The subprime crisis was a global financial downturn that began in 2007, triggered by a housing market bubble in the United States. This bubble was fueled by lax lending standards and securitization of subprime mortgages.
Subprime mortgages were given to borrowers with poor credit history who couldn't afford the payments. These mortgages were then packaged into securities and sold to investors worldwide. Many of these securities were rated as low-risk, which made them attractive to investors.
The housing market began to decline in 2006, causing defaults on subprime mortgages to rise. This led to a freeze in the mortgage-backed securities market, causing a credit crisis that spread to other parts of the economy.
Readers also liked: Housing Loan Information
Causes of the GFC
The causes of the Global Financial Crisis (GFC) are complex and multifaceted, but some key factors contributed to its severity. Excessive risk-taking in a favorable macroeconomic environment led households to borrow imprudently to purchase and build houses.
House prices grew strongly in the years leading up to the GFC, especially in the United States, due to low interest rates and stable economic growth. This led to a housing bubble, where people expected house prices to continue rising.
Many mortgage loans, especially in the United States, were for amounts close to or even above the purchase price of a house. A large share of such risky borrowing was done by investors seeking to make short-term profits by flipping houses and by subprime borrowers.

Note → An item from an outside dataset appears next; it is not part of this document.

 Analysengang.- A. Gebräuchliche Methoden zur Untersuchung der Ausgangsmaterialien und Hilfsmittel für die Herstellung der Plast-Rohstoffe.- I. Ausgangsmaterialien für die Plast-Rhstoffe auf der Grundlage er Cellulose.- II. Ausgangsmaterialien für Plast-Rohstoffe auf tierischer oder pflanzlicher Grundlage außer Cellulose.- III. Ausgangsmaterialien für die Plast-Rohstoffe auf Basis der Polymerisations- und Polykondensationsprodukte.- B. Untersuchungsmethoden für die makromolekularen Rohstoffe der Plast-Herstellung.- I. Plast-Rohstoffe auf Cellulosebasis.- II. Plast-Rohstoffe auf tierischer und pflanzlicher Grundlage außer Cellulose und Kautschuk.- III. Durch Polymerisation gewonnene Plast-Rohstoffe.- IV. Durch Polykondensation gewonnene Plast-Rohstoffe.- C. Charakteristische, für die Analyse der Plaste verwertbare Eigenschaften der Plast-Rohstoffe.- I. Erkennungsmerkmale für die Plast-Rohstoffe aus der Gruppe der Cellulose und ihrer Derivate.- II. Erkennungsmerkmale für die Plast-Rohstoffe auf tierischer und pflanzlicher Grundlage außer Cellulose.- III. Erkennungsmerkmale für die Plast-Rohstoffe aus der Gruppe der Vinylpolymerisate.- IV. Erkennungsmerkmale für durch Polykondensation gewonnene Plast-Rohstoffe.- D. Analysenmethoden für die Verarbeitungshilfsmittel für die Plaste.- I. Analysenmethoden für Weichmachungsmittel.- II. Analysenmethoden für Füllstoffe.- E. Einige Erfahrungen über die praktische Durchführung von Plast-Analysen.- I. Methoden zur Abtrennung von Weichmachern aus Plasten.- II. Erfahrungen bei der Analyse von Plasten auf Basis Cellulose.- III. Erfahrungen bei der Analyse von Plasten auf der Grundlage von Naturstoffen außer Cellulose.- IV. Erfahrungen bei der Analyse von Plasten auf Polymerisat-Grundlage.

Banks and other lenders were willing to make increasingly large volumes of risky loans for various reasons. They included competition between lenders to extend ever-larger amounts of housing loans, and a lack of incentive to assess borrowers' abilities to make loan repayments.

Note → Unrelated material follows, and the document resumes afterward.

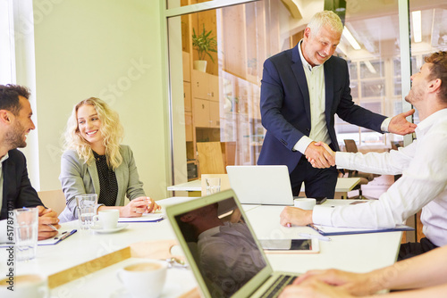 Panorama aus Silhouetten von Geschäftsleuten vor bunten Business Portraits

Here are some key reasons why lenders made so many risky loans:
- Competition between lenders to extend ever-larger amounts of housing loans.
- Lenders did not closely assess borrowers' abilities to make loan repayments.
- Lenders sold large amounts of loans to investors in the form of mortgage-backed securities (MBS).
Investors, including large US banks and foreign banks, mistakenly thought that MBS products were very low-risk assets. They assumed that most mortgage loans would continue to be repaid, even if some loans in the package were not repaid.
Worth a look: Deep Subprime Car Loans
The GFC Unfolded
The GFC unfolded in a complex and interconnected way, but several key events triggered the crisis.
The failure of financial firms was a major catalyst, with Lehman Brothers' collapse in September 2008 being a particularly pivotal moment.
A range of other financial firms also failed or came close to failing around the same time, creating a sense of panic in financial markets globally.
Investors began pulling their money out of banks and investment funds as they didn't know who might be next to fail and how exposed each institution was to subprime and other distressed loans.
Financial markets became dysfunctional as everyone tried to sell at the same time, and many institutions wanting new financing couldn't obtain it.
Businesses became much less willing to invest, and households less willing to spend, as confidence collapsed.
The United States and some other economies fell into their deepest recessions since the Great Depression.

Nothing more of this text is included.